Mid-June Vitals

[Several updates through July 1 continue after the charts] Below are five very broad indictors that I revisit every four to five weeks. Consider these outcomes in the context of other more comprehensive and detailed measures, such as the Supply Chain Stability Index, the Logistics Managers Index (see first chart below), and the Global Supply Chain Pressure Index.

North American Agricultural Production: I have been worried by early signals of sustained drought across much of the mid-continent. But so far, USDA and others are encouraging (at least in terms of volumes, if not prices). The World Agricultural Supply and Demand Estimates (WASDE) continue to anticipate good harvests. According to the June 9 update, “The outlook for 2023/24 U.S. wheat this month is for larger supplies, unchanged domestic use and exports, and higher stocks. Supplies are raised as all wheat production is projected at 1,665 million bushels, up 6 million from last month…” Corn projections also look good. US livestock and dairy production is mostly fluctuating in response to demand. Fresh produce prices have fallen and supplies are abundant (more). Global food prices are also softened. A wide range of indicators suggest, however, that SNAP beneficiaries are struggling to adapt to the loss of pandemic supplements (here and here and here).

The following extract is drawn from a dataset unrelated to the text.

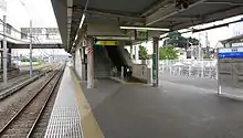 The Seibu station consists of one ground-level side platform, serving a single bidirectional track, connected to the JR platform and the station building by a footbridge.
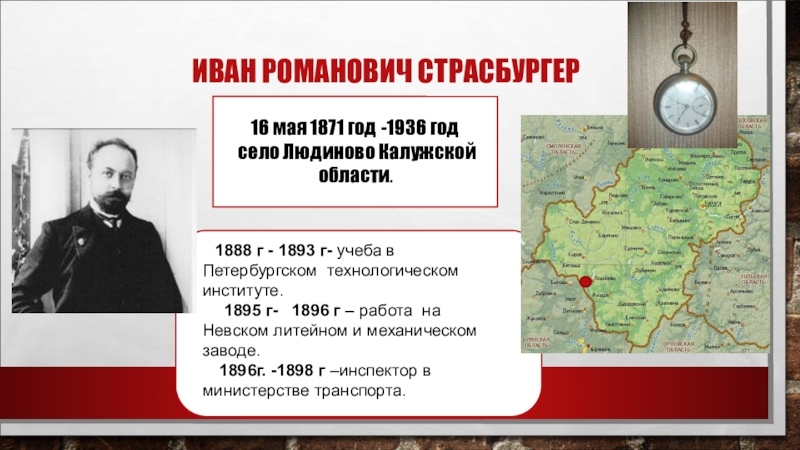 1896г. -1898 г –инспектор в министерстве транспорта.

Global Natural Gas Demand and Supply: US natural gas inventories are comfortably within the five-year average range (more). EU natural gas storage facilities are over seventy percent full. Natural Gas prices have returned to pre-war levels and are toward the low end of pre-pandemic prices. According to Bloomberg, “Futures for December 2023 (EU benchmarks) are trading at a discount of about 8% to December 2024, according to ICE Endex data. That’s a reversal from January, when the nearest winter contract traded at a premium. The shift indicates Europe is relatively well-prepared for the coming heating season following a mild winter that allowed it to build up inventories with an influx of liquefied natural gas. But the coming years are more uncertain, as the region adjusts to a new reality with scant help from former top supplier Russia.” Asian demand for LNG has been insufficient to push up global prices.

China Export Volumes and Value: According to a June 7 report by Reuters, “China’s exports shrank much faster than expected in May while imports extended declines with a grim outlook for global demand, especially from developed markets, raising doubts about the fragile economic recovery.” As the domestic economies of several customers of China slow-down, orders for China’s manufactured goods have also declined (see chart below). Without this external stimulus, China’s domestic consumption has been flat. Recent action by China’s Central Bank confirms the domestic slowdown and efforts to turn this around (more). It is worth noting that volumes (and value) continue to be above pre-pandemic levels and trend-lines. This is not a collapse. So far, it is much more of a correction that reflects more sustainable demand velocity.

North American Grid Capacity: As previously noted by this blog, current capacity should probably be okay this summer unless there is a surprising spike in demand (probably due to a “surprise” extreme weather event). US electricity generating capacity is growing, especially in those regions with increased demand (more and more). On June 12, the New York Times published a long piece titled Why the US Electric Grid is not Ready for the Energy Transition. This (and other) reports focus on the increasing mis-match between generating capacity and transmission capacity. According to the NYT, “In recent decades, the country has hardly built any major high-voltage power lines that connect different grid regions. While utilities and grid operators now spend roughly $25 billion per year on transmission, much of that consists of local upgrades instead of long-distance lines that could import cheaper, cleaner power from farther away.”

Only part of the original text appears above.